Direct evidence may come from witnesses who give oral testimony based on their observations. Direct evidence cannot be hearsay, which is second-hand testimony.

CISSP Certified Information Systems Security Professional Official Study Guide, 9th Edition. Pg 913-916.

Question 54

Circumstantial evidence

Answer 54

Used to prove an intermediate fact used to assume another fact.

CISSP Certified Information Systems Security Professional Official Study Guide, 9th Edition. Pg 913-916.

Question 55

Conclusive Evidence

Answer 55

Conclusive evidence is irrefutable and cannot be contradicted.

CISSP Certified Information Systems Security Professional Official Study Guide, 9th Edition. Pg 913-916.

Question 56

Hierarchical Storage Management

Answer 56

Processof putting older backups on slower, cheaper forms of media - and newer backups on faster, more accessible forms of media.
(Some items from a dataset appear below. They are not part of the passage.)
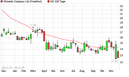 Mit dem Rücksetzer auf 13,60 EUR hat die Shiseido-Aktie am 17.11.2025 die 100-Tage-Linie nach unten gekreuzt.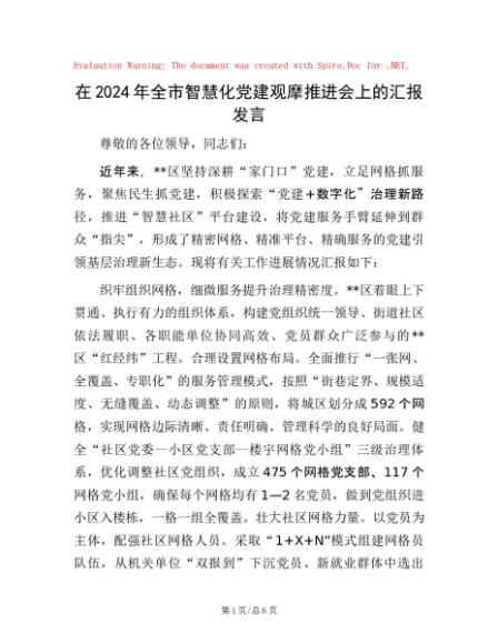 / 在2024年全市智慧化党建观摩推进会上的汇报发言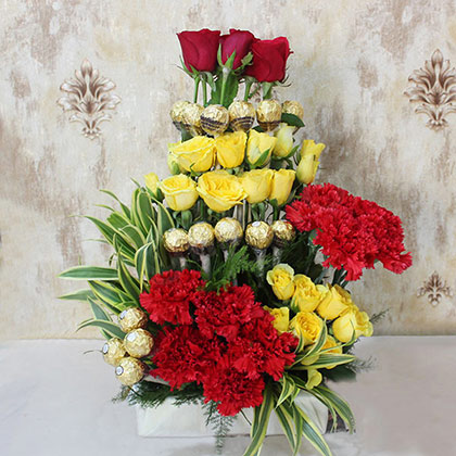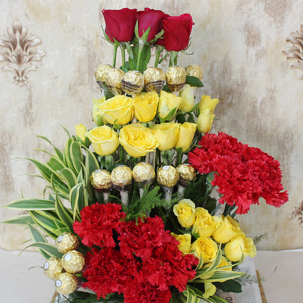 Color of Flowers – Yellow & Red Type of Arrangement – Basket Number of Stems – 30 Yellow roses – 20 Red Carnations – 10 Chocolates - 16 Ferrero Rocher chocolate balls (200 gm) Note: The use of green leaves and fillers in this floral basket depends on their regional and seasonal availability. The Oasis foam in this floral basket stores water and keeps the flowers replenished for a longer time. The flower basket is recyclable in nature.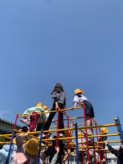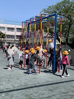 月曜日から1年生の外遊びができるようになりました。良いお天気の中、笑顔で楽しく遊ぶ1年生でした。チャイムの合図で教室に戻り、約束もしっかり守りました。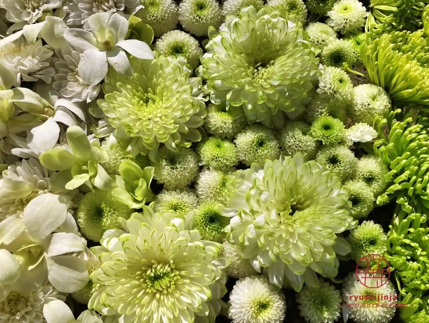 辰をテーマに濃い緑色から白色へとグラデーションに変わる花手水で表現しています🐲
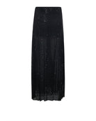 Gonna lunga dal carattere sofisticato, realizzata con una struttura interamente in rete impreziosita da micro applicazioni distribuite con armonia. Il design gioca con trasparenze e volumi leggeri, creando un effetto scenografico di grande impatto, ideale per interpretare un’eleganza contemporanea e ricercata.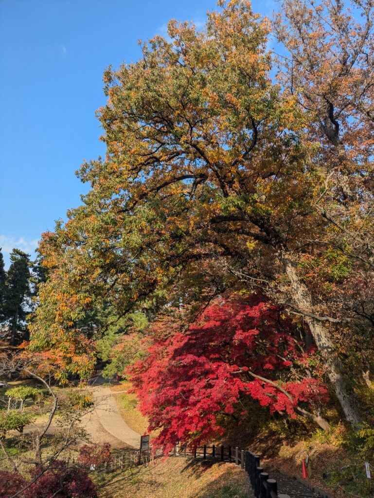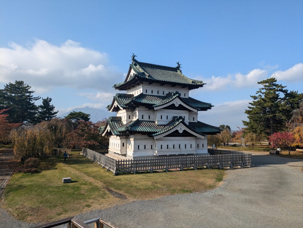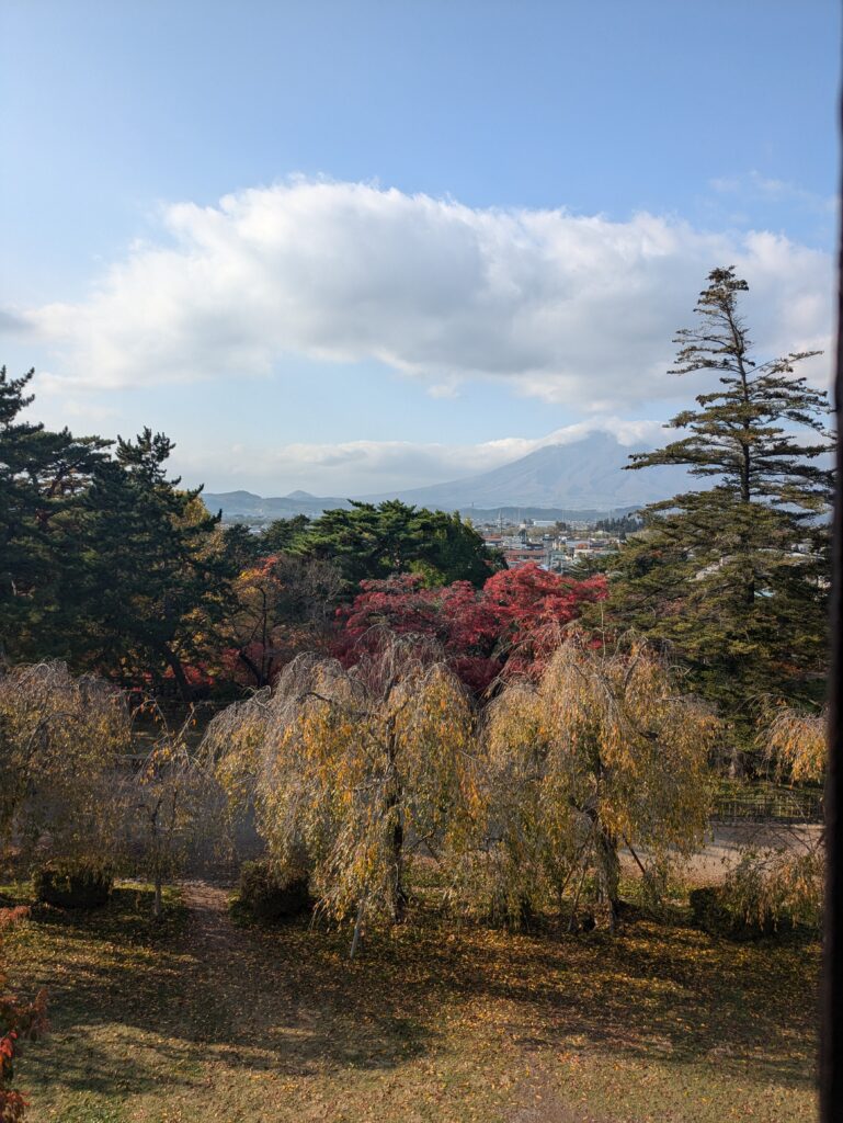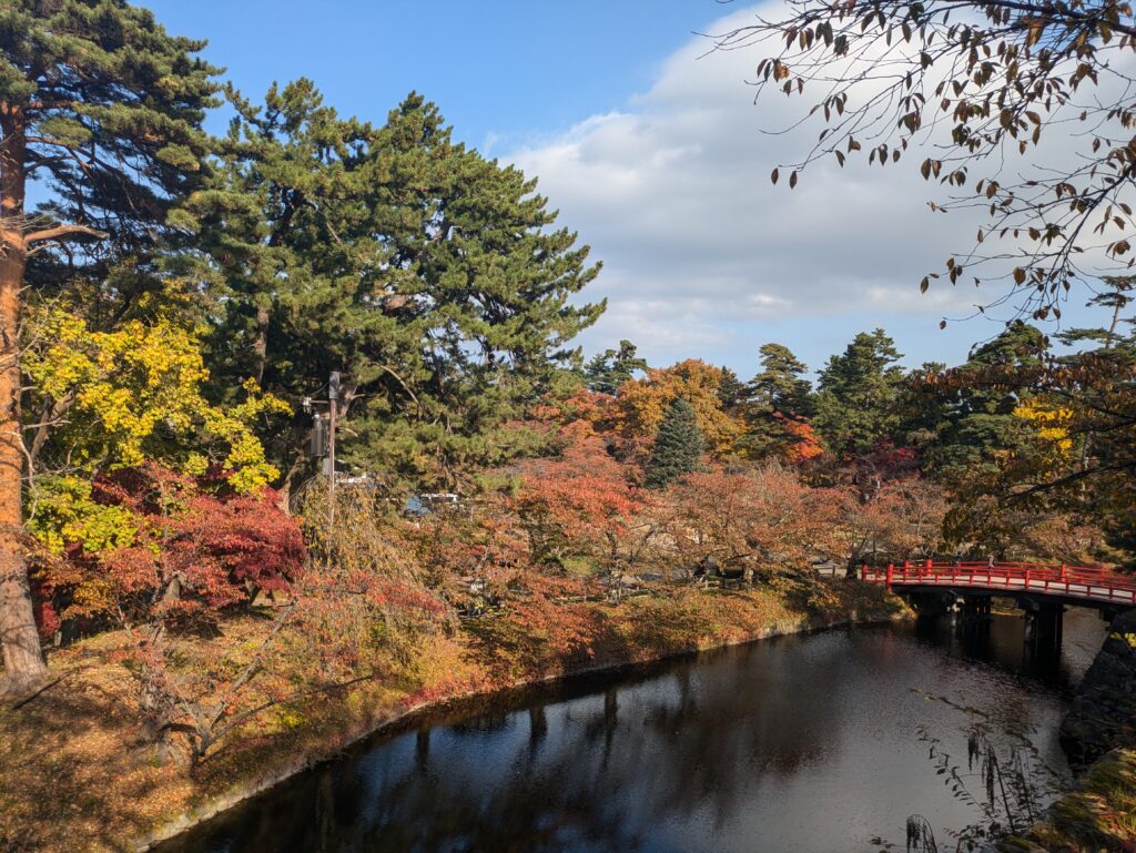 In Shin-Aomori steigen wir in den Local Train in Richtung Akita ein, allerdings steigen wir bereits nach 45 Minuten in Hirosaki wieder aus. Der Zug war recht voll und so konnten wir nicht alle sitzen. In Hirosaki schließen wir unser Gepäck ein und fahren mit dem 100yen Bus zum Stadtpark um doch noch eine Burg auf unserer Reise zu besuchen. Der Park ist geprägt von der schönen Färbung des Herbstlaubs und beherbergt die Überreste einer alten Burg.
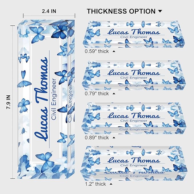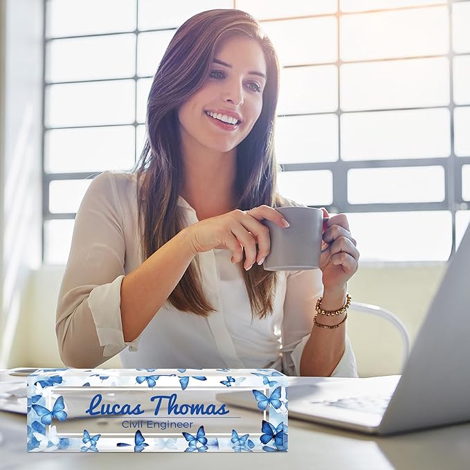 Custom Name Plate for Desk, Personalized Acrylic Office Name Sign with Name & Title, Elegant Desk Decor for Women Men, Employee Appreciation Gift (Blue Butterfly)

Hierarchical Storage Management (HSM) system dynamically manages data across different storage media to optimize for access speed or media cost. This technology is frequently used in backup solutions. For example, a HSM will transfer last week’s backup from Solid-State Drives (SSDs) to spindle drives and, after a month, it may transfer it to tape.

CISSP Certified Information Systems Security Professional Official Study Guide, 9th Edition. Pg 896.

Question 57

Do normal home/business insurance policies cover floods?

Answer 57

Not usually

Question 58

Proximity card

Answer 58

uses an electromagneticT coil for identification.

Question 59

SSAE18 and SOC

Answer 59

SSAE 18 is an attestation standard often used in SOC Audits.

Question 60

Impersonation - AKA Spoofing, AKA Masquerading

Answer 60

Act of taking on the identity of someone else.